One of life’s small pleasures for me is sitting with a cup of tea on my patio relaxing in sunny California reading the Peabody Reflector. The winter 2012 issue was no exception. While I enjoy the overall format, photographs and layout of the magazine, I particularly enjoy reading the research news section. I was touched reading an excerpt from a study previously published in Developmental Science related to autism “sticky mittens” and infant early training and social development at the Kennedy Center (p. 12). Autism is such an important issue right now and the more faculty and researchers can explore ways to help all children succeed in life deserves our attention.
Although I am many miles away, the Reflector has kept me informed about many events both past and present. Thanks for providing such a variety of pertinent and interesting information happening at Peabody!
Joan C. Fingon, EdD’90
The Reflector is most informative, and I enjoy the covers—the winter 2012 knight and hydra head and, a few years ago, the endless apple peeler.
Possible future essays might present information about how the Jeffersonian ideal campus was chosen, commitment to international students, children’s literature collection and special summer attractions. That watermelon picture rang a bell!
As I enrolled at Peabody in fall 1962, I am now a 50th anniversary admirer.

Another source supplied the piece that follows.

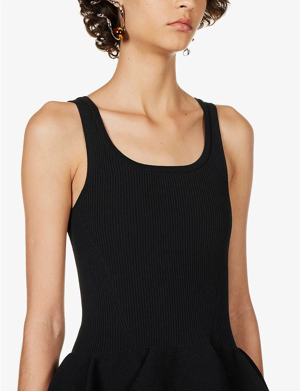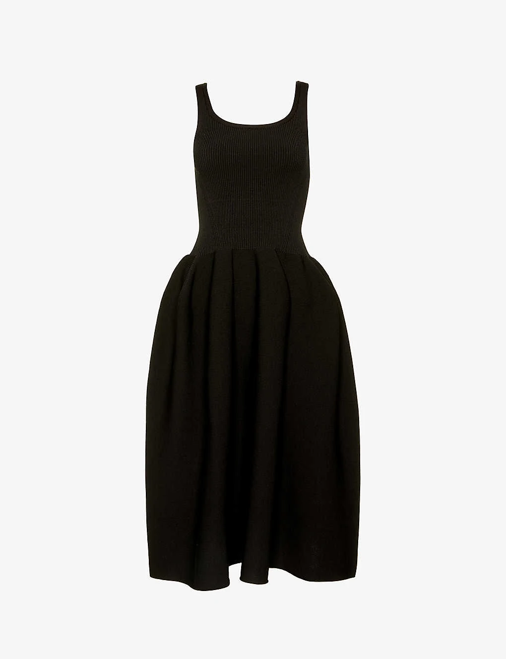 - Slim fit, scoop neckline, sleeveless, ribbed knit pattern at bodice, medium knit texture, flared hem

Congratulations on a fine publication.
Betsy Moriarty, BS’66
Best issue of the Peabody Reflector on record. Is the photo of the Peabody campus available as a print? Most unusual. Thank you!
John Burgin, PhD’71
Jefferson City, Tenn.
I am fascinated by the wonderful fisheye photograph in the back of the latest issue of the Reflector! Could you possibly tell me anything about how the photo was made and if copies of it are available? It is a wonderful photograph. Thanks for publishing it.
Mary Ann Brown, BS’58, MALS’60
Regarding the 2012 Reflector photograph of Planet Peabody, it is a wonderful memory for me! However from my artistic viewpoint it is a “Peabody Eye” with the lovely grass medial as its pupil. How fortunate it is still the heart and eye of its campus!
Is it possible to have this available for purchase as a print for mounting? I would like one.
Mary Anne Socey Rowan, BS’62
Editor’s Note: Many people have contacted us by email, through Peabody’s website and Facebook pages and in writing to ask if the Planet Peabody shot is available to purchase. We are happy to say that it is available through Replay Photos: http://snipurl.com/peabodyfisheye.
More about Dr. Hall
In the summer edition of the Peabody Reflector, you published a picture of two men presumably gorging themselves on watermelon. One was Dr. A. L. Crabb and the other was Dr. Clifton Hall. I remember three things about Dr. Hall.
First, he was meticulous in speech and dress. He spoke in measured words to be absolutely precise.
Second, in his introductory remarks to the class, he compared many students of the day to “the gallant knight who upon hearing the fair maiden scream, jumped on his white charger and galloped off in all directions at once.”
Third, he also led an enormous conga line (with at least 50 students) back and forth across campus for a charitable fundraising event.
He was an excellent and delightful teacher.